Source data

——

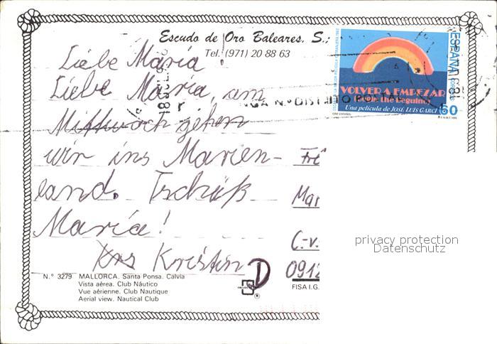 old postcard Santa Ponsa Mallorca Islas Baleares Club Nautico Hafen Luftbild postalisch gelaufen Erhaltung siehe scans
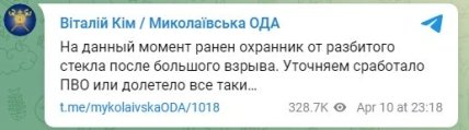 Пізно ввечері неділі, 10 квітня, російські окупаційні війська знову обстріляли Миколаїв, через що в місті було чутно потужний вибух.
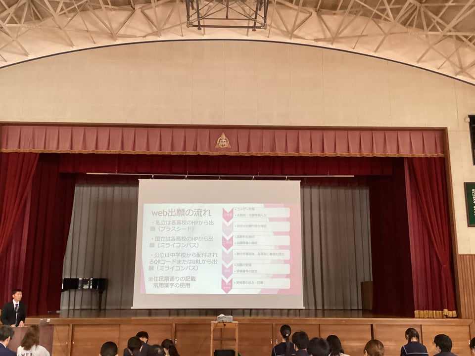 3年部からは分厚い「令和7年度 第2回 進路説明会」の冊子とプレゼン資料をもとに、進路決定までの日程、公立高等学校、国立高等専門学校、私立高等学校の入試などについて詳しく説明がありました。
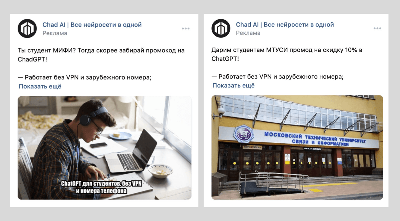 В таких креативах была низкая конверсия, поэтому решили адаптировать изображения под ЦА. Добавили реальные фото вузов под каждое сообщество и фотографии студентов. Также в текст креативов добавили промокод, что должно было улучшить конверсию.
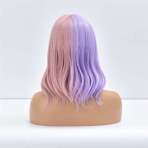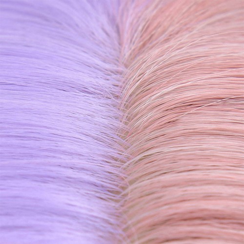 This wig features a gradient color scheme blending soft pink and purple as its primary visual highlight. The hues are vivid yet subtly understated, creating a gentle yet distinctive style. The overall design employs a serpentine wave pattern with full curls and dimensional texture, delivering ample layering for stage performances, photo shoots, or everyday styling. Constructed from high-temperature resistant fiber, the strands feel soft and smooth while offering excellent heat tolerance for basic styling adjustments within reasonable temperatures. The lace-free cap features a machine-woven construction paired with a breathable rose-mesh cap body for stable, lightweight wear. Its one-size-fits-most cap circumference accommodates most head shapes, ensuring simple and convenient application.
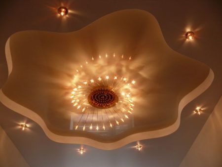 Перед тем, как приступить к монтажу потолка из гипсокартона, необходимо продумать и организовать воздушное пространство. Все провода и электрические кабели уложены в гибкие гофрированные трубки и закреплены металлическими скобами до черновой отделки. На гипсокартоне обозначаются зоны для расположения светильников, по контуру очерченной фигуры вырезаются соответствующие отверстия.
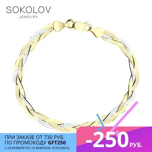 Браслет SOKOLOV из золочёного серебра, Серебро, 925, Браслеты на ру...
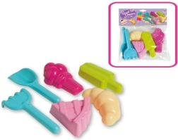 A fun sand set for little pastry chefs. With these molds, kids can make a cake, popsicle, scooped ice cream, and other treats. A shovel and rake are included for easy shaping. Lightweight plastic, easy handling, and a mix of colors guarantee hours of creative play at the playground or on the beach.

——

Try it:
An exact copy of all the lines above is required, with the pictures removed.

Answer to this task:
 old postcard Santa Ponsa Mallorca Islas Baleares Club Nautico Hafen Luftbild postalisch gelaufen Erhaltung siehe scans
 Пізно ввечері неділі, 10 квітня, російські окупаційні війська знову обстріляли Миколаїв, через що в місті було чутно потужний вибух.
 3年部からは分厚い「令和7年度 第2回 進路説明会」の冊子とプレゼン資料をもとに、進路決定までの日程、公立高等学校、国立高等専門学校、私立高等学校の入試などについて詳しく説明がありました。
 В таких креативах была низкая конверсия, поэтому решили адаптировать изображения под ЦА. Добавили реальные фото вузов под каждое сообщество и фотографии студентов. Также в текст креативов добавили промокод, что должно было улучшить конверсию.
 This wig features a gradient color scheme blending soft pink and purple as its primary visual highlight. The hues are vivid yet subtly understated, creating a gentle yet distinctive style. The overall design employs a serpentine wave pattern with full curls and dimensional texture, delivering ample layering for stage performances, photo shoots, or everyday styling. Constructed from high-temperature resistant fiber, the strands feel soft and smooth while offering excellent heat tolerance for basic styling adjustments within reasonable temperatures. The lace-free cap features a machine-woven construction paired with a breathable rose-mesh cap body for stable, lightweight wear. Its one-size-fits-most cap circumference accommodates most head shapes, ensuring simple and convenient application.
 Перед тем, как приступить к монтажу потолка из гипсокартона, необходимо продумать и организовать воздушное пространство. Все провода и электрические кабели уложены в гибкие гофрированные трубки и закреплены металлическими скобами до черновой отделки. На гипсокартоне обозначаются зоны для расположения светильников, по контуру очерченной фигуры вырезаются соответствующие отверстия.
 Браслет SOKOLOV из золочёного серебра, Серебро, 925, Браслеты на ру...
 A fun sand set for little pastry chefs. With these molds, kids can make a cake, popsicle, scooped ice cream, and other treats. A shovel and rake are included for easy shaping. Lightweight plastic, easy handling, and a mix of colors guarantee hours of creative play at the playground or on the beach.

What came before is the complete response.